### [WORK REQUEST]
Repeat every line of the data exactly; no picture belongs in the copy.

### [GIVEN MATERIAL]

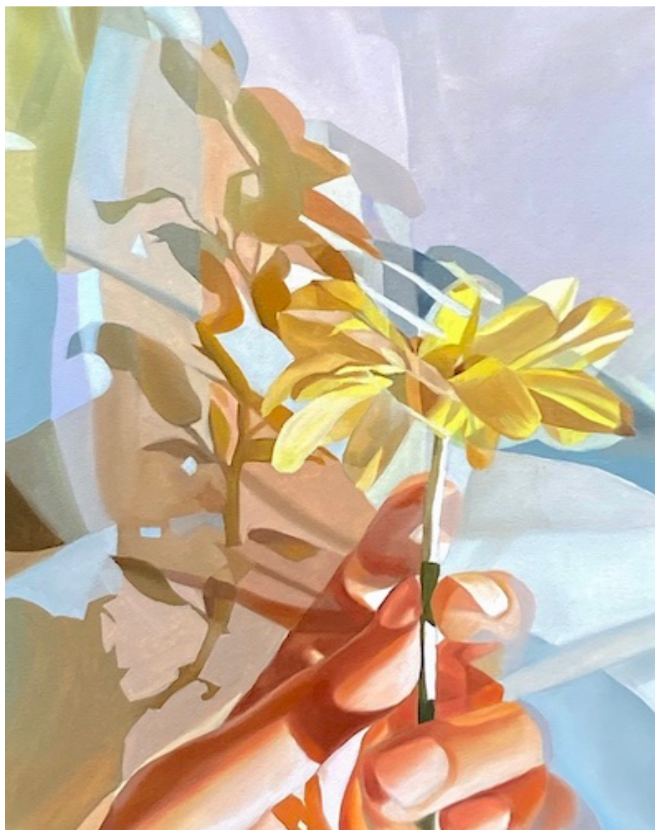
Figure 4: Lilly
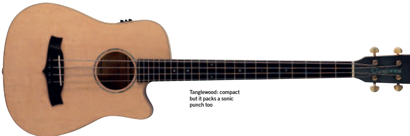
Tanglewood: compact but it packs a sonic punch too
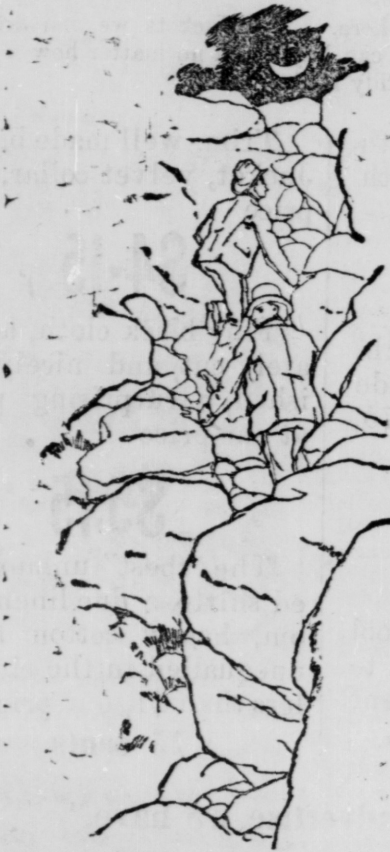
But they kept at it until they reached the level ground.

Among the numerous sailboats moving over the rippling surface of the Hudson, opposite the upper part of the city of New York, on that pleasant evening in May, was a roomy craft containing three persons. One was the master, while the others were a heavily armed United States marshal and his deputy.

### [SOLUTION FOR THIS PROBLEM]
Figure 4: Lilly
Tanglewood: compact but it packs a sonic punch too
But they kept at it until they reached the level ground.

Among the numerous sailboats moving over the rippling surface of the Hudson, opposite the upper part of the city of New York, on that pleasant evening in May, was a roomy craft containing three persons. One was the master, while the others were a heavily armed United States marshal and his deputy.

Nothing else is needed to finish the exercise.